The Atlantic: The Movement to Make Texas Its Own Country

“We have to decide,” Daniel Miller told me, speaking Texan to Texan: “What is right for our people? Do Texans, at a fundamental level, want the right to be governed by themselves?” If Catalonians, Kurds, and Scotsmen deserve their own land, he said, Texans do too.

We were drinking coffee and openly discussing sedition in a bakery in Nederland, Texas, near the terminus of Route 287, which neatly bisects the country, starting in Montana prairie land and ending on the Gulf Coast. As I’d driven to meet him, I’d passed outposts of Whataburger—a fast-food chain so identified with Texas that its sale this year to a Chicago investment bank provoked a minor panic—and oil refineries, whose intricate nests of piping resembled a cube ship from the Borg civilization in Star Trek.

Texas itself is, in some ways, its own civilization.
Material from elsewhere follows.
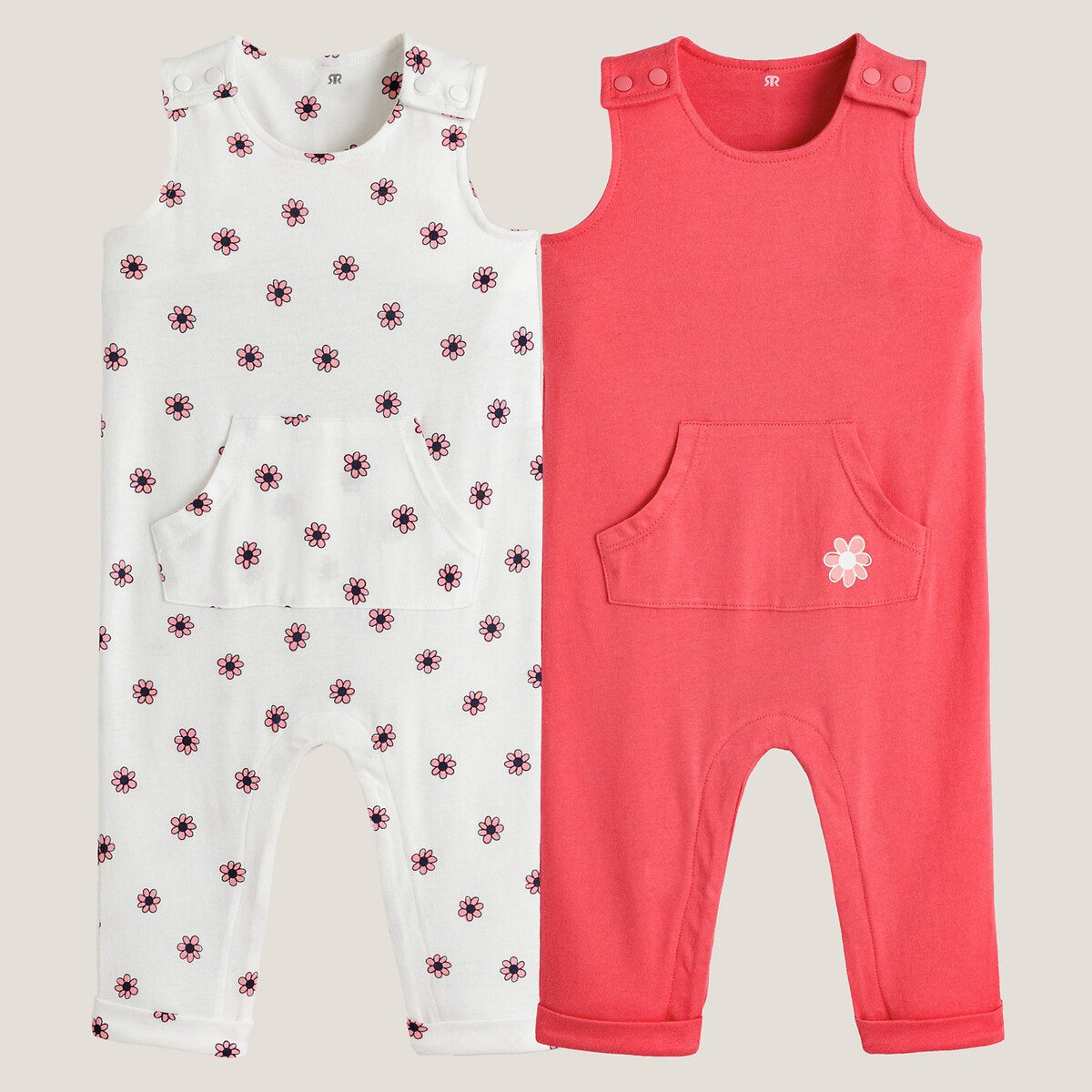 Περιγραφή: – Ολόσωμο φορμάκι – Ίσια γραμμή – Στρογγυλή λαιμόκοψη – Σούστες στους ώμους για να φοριέται εύκολα – Τσέπη καγκουρό μπροστά – Σούστες στον καβάλο μέχρι το μέγεθος των 2 ετών για εύκολο άλλαγμα της πάνας – Ρεβέρ στα μπατζάκια – Σετ των 2 – 1 εμπριμέ + 1 μονόχρωμο με μικρή στάμπα λουλούδι στην τσέπηΣύνθεση και συντήρηση: – 100% βαμβάκι – Πλύσιμο στο πλυντήριο στους 40°C – Σιδέρωμα σε μέτρια θερμοκρασία – Απαγορεύεται το στεγνωτήριο – Απαγορεύεται το στεγνό καθάρισμαΠροϊόν υπεύθυνης παραγωγής – Βαμβάκι βιολογικής γεωργίας: υπεύθυνη επιλογή και κατανάλωση. Γιατί; Επειδή για την παραγωγή του δεν χρησιμοποιούνται χημικά προϊόντα, φυτοφάρμακα, εντομοκτόνα και γενετικά τροποποιημένοι οργανισμοί. Αποτέλεσμα: μικρότερος αντίκτυπος στη βιοποικιλότητα και την υγεία των καλλιεργητών.  – Επιλέγοντας ένα προϊόν με την ετικέτα "STANDARD 100 by OEKO-TEX®" (σίγουρα μια πολύ τεχνική περιγραφή που μπορεί να μην καταλαβαίνετε), επιλέγετε ένα ύφασμα αβλαβές, που δεν ερεθίζει το δέρμα. Μια ανεξάρτητη και διεθνής πιστοποίηση αναφοράς που προστατεύει την υγεία των καταναλωτών. Με γνώμονα την υγεία και την προστασία του περιβάλλοντος.

As a schoolboy, some 30 years ago, I learned about a woman in Texas who’d developed a 328-pound ovarian cyst, the largest ever recorded. When I told a classmate, he pumped his fist in the air—the record was ours. Texas pride, which encompasses everything from brisket to football to Willie Nelson to ovarian mega-cysts, is a funny thing.

Miller, a big man with a shaved head and a goatee, intends to yoke that pride to a visionary goal. He is the president of the Texas Nationalist Movement, which is devoted to ending Texas’s nearly 175-year experiment with membership in the United States of America. The group, which claims some 300,000 members, demands a referendum on secession and, after what Miller predicts will be an “inevitable” vote to leave, the declaration of an independent Republic of Texas.